Did I ever, when you wished to bathe in a shady spring,
Unknowingly bring my glance to your bath?
Or have I passed by your altars, among those of so many of the heavenly beings,
Or has your mother been disdained by mine?
I have sinned in nothing, except that I read a false oath,
And was skilled in a verse that had too little favor.

You also, if you do not lie about your love, should offer incense
For me; let the hands that injured me benefit me!
Why do you, who are angry that the girl who was pledged to you
Is still not yours, act so that she can not be yours?
All your hopes are of my life; why should the savage goddess
Take away life from me, and hope of me from you?

Do not believe that he, to whom I am intended as wife,
Puts his hand on me to caress my sick limbs.
He sits beside me, indeed, as much as he is allowed,
But he remembers that mine is the bed of a virgin.
Already, too, he seems to sense something;
For his tears often fall for some hidden reason,
And he flatters less boldly, and he gives 
Few kisses and he calls me his own in a timid voice.
Nor do I wonder that he senses it, for I show myself by open signs;
I turn on my right side when he comes;
I do not speak, and sleep is counterfeited with closed eyes,
And when he touches, I throw off his grasping hand.
He groans and sighs in his silent breast, for he
Has my displeasure, even though he has not deserved it.
Ah me, that you are glad and that this will of mine pleases you!
Ah me, that I have confessed my feelings to you!
You are worthy of me if anyone would be, you who are more worthy of anger,
You who spread nets for me.

You write, so that you may be allowed to see my feeble body;
You are far from me, and yet even from there you harm me.
I wondered why your name was Acontius;
You have sharpness, which inflicts a wound from far off.
Certainly I have not yet recovered from such a wound,
By the spear of your letter, thrown from afar.

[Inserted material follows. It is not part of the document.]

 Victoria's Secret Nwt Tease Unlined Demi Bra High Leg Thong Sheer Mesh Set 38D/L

Yet why would you come here?  A body in wretched health
You would see, the great trophy of your skill!
I am ruined by wasting away; my color is without blood, just as,
I call to mind, was that apple of yours.
My white face does not gleam with red mixed in.
Such beauty is customary in new marble;
Such is the color of silver set out at the feast,
Which is pale with the touch of icy water.

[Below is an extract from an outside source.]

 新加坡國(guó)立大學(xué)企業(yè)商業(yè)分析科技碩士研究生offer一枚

If you should see me now, you would deny having seen me before;
"My arts," you would say, "have not striven for that one."
You would give up the faith of my promise, lest I should be joined to you,
And desire that the goddess not remember it.

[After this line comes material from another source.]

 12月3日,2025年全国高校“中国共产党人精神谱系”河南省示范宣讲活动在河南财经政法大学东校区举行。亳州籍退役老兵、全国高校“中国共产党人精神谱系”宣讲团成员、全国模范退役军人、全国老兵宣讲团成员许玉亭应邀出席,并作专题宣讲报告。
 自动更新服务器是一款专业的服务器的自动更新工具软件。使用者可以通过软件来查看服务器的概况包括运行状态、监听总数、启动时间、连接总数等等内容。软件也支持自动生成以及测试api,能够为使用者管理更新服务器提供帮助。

Perhaps also you would make me swear again, but in an opposite manner,
And send me other words to read.

Yet nevertheless I wish you to look upon me as you have asked,
And become acquainted with the feeble limbs of your bride!
Even though your heart were as hard as iron, Acontius,
You yourself would seek favor for my words.
Yet so that you may not be ignorant of it:  the god at Delphi who sings the fates
Is being asked by what aid I may be restored to health.
He also, as wandering rumor now murmurs, complains
Of some neglected pledge that was witnessed.
This the god says, this the priests, this the verses that were brought forth;
Ah!  No divine will is lacking from your vow.
Whence this favor toward you?  Unless, perchance, some new writing has been found
Of which the reading captures even the great gods.
And since you hold the gods, I myself follow the will of the gods,
And willingly yield my vanquished hands to your prayer;
And I have confessed to my mother the oath of my ensnared tongue,
With eyes full of shame held fixed on the ground.
The rest is your concern; even this is more than a virgin should do--
That my page has not feared to speak with you.
Already I have tired my feeble limbs enough with the pen;
And my suffering hand refuses its duty any longer.
What is left, if I wish now to be joined with you,
Except that I add to my letter:  "Farewell!"